Introduction: Over the past decade, immune checkpoint inhibitors such as antibodies against cytotoxicity T-lymphocyte-associated protein 4 (CTLA-4) and programmed cell death protein 1 (PD-1) have become an important armamentarium against a broad spectrum of malignancies. However, these specific inhibitors can cause adverse autoimmune reactions by impairing self-tolerance. Hematologic side effects of immune checkpoint inhibitors, including autoimmune hemolytic anemia (AIHA), are rare but can be life-threatening. Case report: Herein, we report two patients on immune checkpoint inhibitors for metastatic melanoma who developed AIHA with symptoms of dyspnea and fatigue. In the first patient, symptoms alleviated after discontinuation of combined anti CTLA-4 and anti-PD-1 therapy, initiation of corticosteroids and application of a single red blood cell transfusion. Due to subsequent progress of melanoma, combinational anti-PD-1 and tyrosine kinase inhibitor therapy was initiated based on multidisciplinary tumor board decision. After two months, she again developed the described hematological and clinical signs of AIHA leading to cessation of anti-PD-1 therapy and initiation of corticosteroids, which again resulted in an alleviation of her symptoms. Due to further progression, the patient received dacarbazine for several months before she decided to stop any therapy other than palliative supportive care.

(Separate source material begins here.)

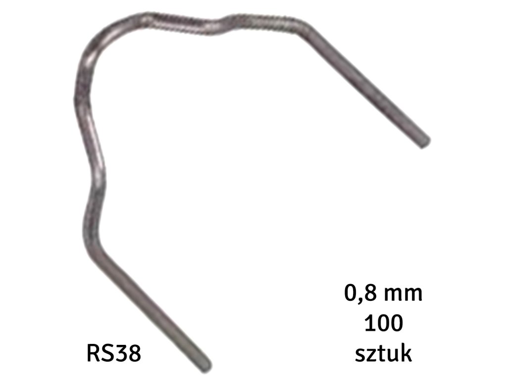 Sada 100 ks sponek určených pro svářeče plastů a svářeče. Sponky typu RS38, průměr 0,8 mm. Vyrobeno z masivní nerezové oceli.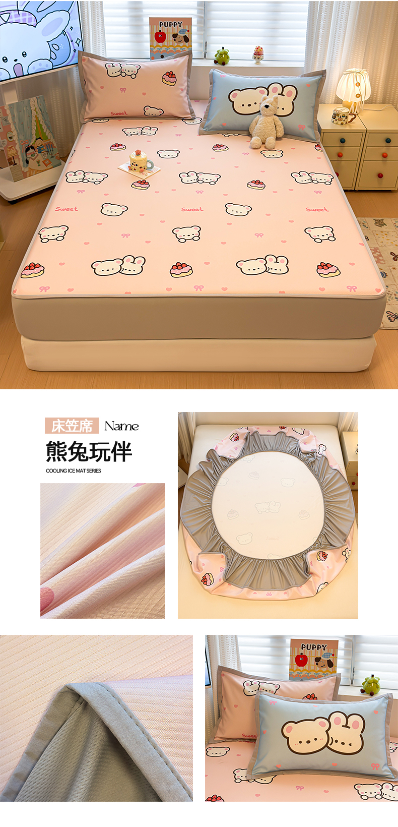 (总)懒猫家纺 2026新款卡通凉感冰丝床笠款凉席,床笠席-冰淇淋小狗,床笠席-彩豆汪汪队,床笠席-彩格萌宠,床笠席-费尔岛,床笠席-格纹爱犬,床笠席-汉堡小狗,床笠席-咖豹小猫,床笠席-酷狗腊肠,床笠席-礼物小熊,床笠席-甜心茶语,床笠席-星愿萌宠,床笠席-熊兔玩伴

In the second patient, discontinuation of anti-PD-1 therapy and initiation of corticosteroids entailed a complete alleviation of his symptoms. After refusing chemotherapy due to subsequent melanoma progression, he received radiotherapy of bone metastases and is currently enrolled in a clinical trial. The patient did not develop AIHA ever since. Conclusion: Hematologic immune-related adverse events due to treatment with immune checkpoint inhibitors are rare but can have life-threatening consequences. If dyspnea and other clinical symptoms are present, AIHA should be considered as a potential cause and treated promptly in a multidisciplinary setting. An expanded comprehension of risk factors and pathogenesis of AIHA is needed to identify high-risk patients beforehand, leading to more effective predictive and reactive treatment approaches.